§ **EXERCISE PROMPT**: With pictures left out, copy exactly every line from the one containing "빼빼재에서 300m 오른 지점의 이정표(11:27)" through the end of the material.
DATA RECORDS Block Start
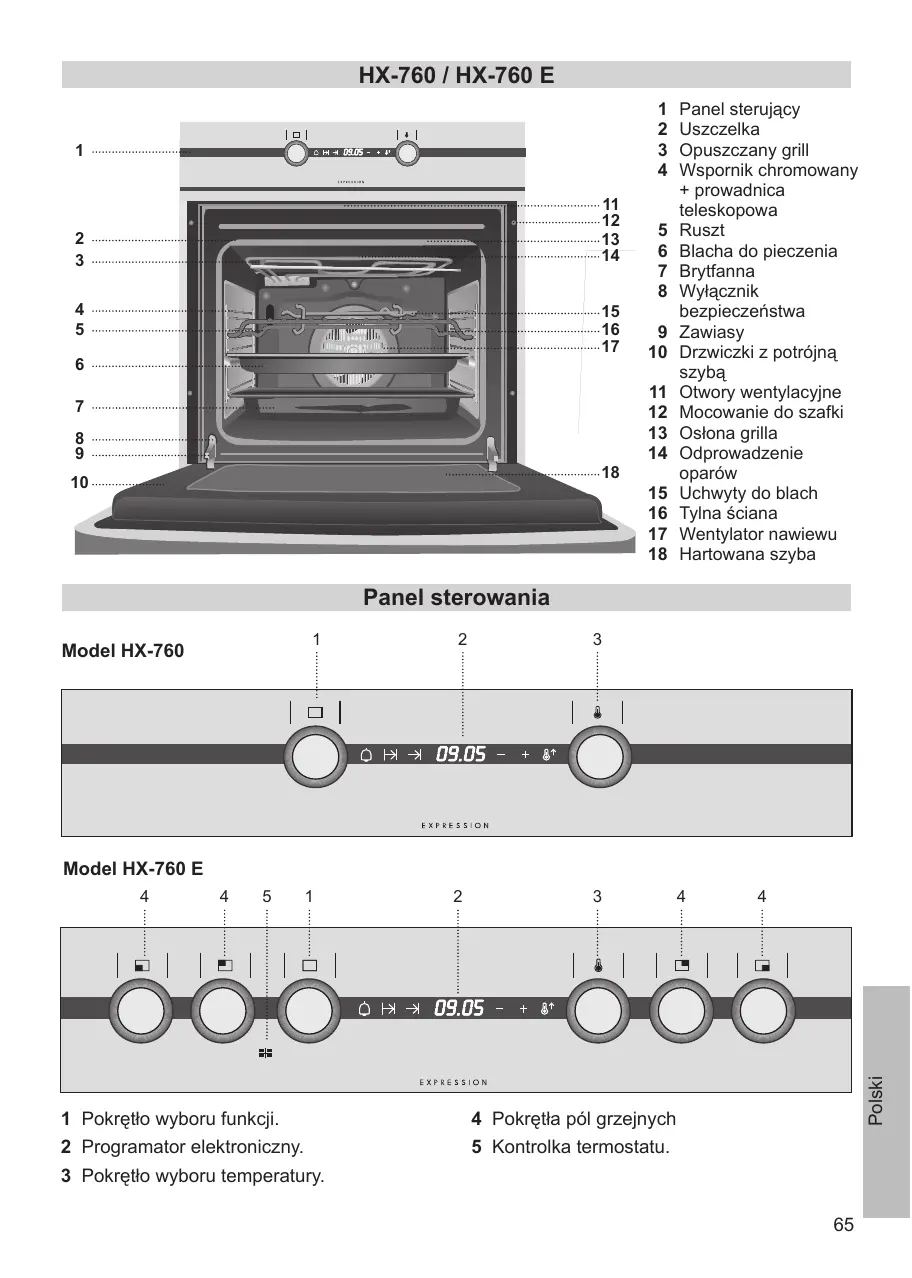 Panel sterujący Uszczelka Opuszczany grill Wspornik chromowany + prowadnica teleskopowa Ruszt Blacha do pieczenia Brytfanna Wyłącznik bezpieczeństwa Zawiasy Drzwiczki z potrójną szybą Otwory wentylacyjne Mocowanie do szafki Osłona grilla Odprowadzenie oparów Uchwyty do blach Tylna ściana Wentylator nawiewu Hartowana szyba Panel sterowania
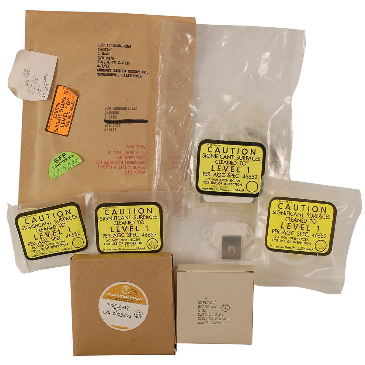Collection of six unused spare parts associated with the Service Propulsion System (SPS) Main Engine in the Apollo Command Service Module. Each part is in sealed bags with appropriate labels and cleaning tags. Parts include a screw cap, screw cap socket head, a three-piece ring set, and a gasket. Manufacturers include Aerojet Liquid Rocket Company and Fluorocarbon.
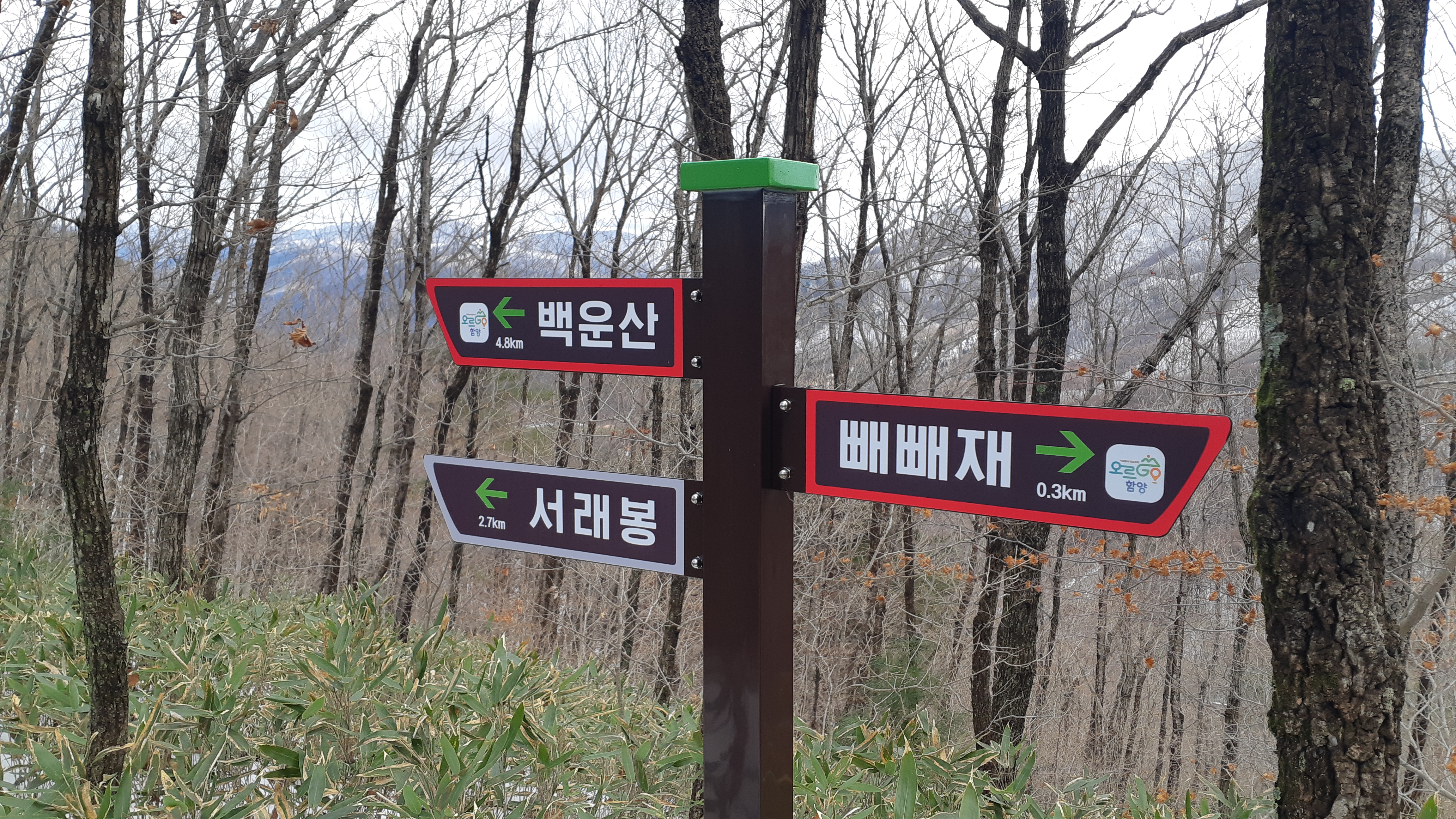 빼빼재에서 300m 오른 지점의 이정표(11:27)
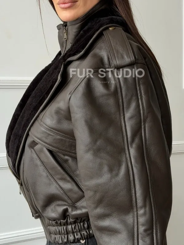 Стильная куртка - дубленка из овчины. Модель предлагается в размерах от 42 до 48. Оптимальная длина моделей 55-60 см подчеркивает линии вашей фигуры. Эта дубленка станет неотъемлемой частью гардероба для тех, кто предпочитает роскошь и утонченность натуральной кожи.
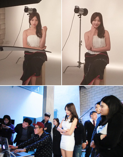 공개 된 사진 속에는 천이슬의 광고 촬영 현장 사진이 담겨져 있다. 천이슬은 순백색 짧은 드레스를 입고 S라인을 뽐내며 촬영에 열중하고 있다.
DATA RECORDS Block End
§ **EXERCISE SOLUTION**:
 빼빼재에서 300m 오른 지점의 이정표(11:27)
 Стильная куртка - дубленка из овчины. Модель предлагается в размерах от 42 до 48. Оптимальная длина моделей 55-60 см подчеркивает линии вашей фигуры. Эта дубленка станет неотъемлемой частью гардероба для тех, кто предпочитает роскошь и утонченность натуральной кожи.
 공개 된 사진 속에는 천이슬의 광고 촬영 현장 사진이 담겨져 있다. 천이슬은 순백색 짧은 드레스를 입고 S라인을 뽐내며 촬영에 열중하고 있다.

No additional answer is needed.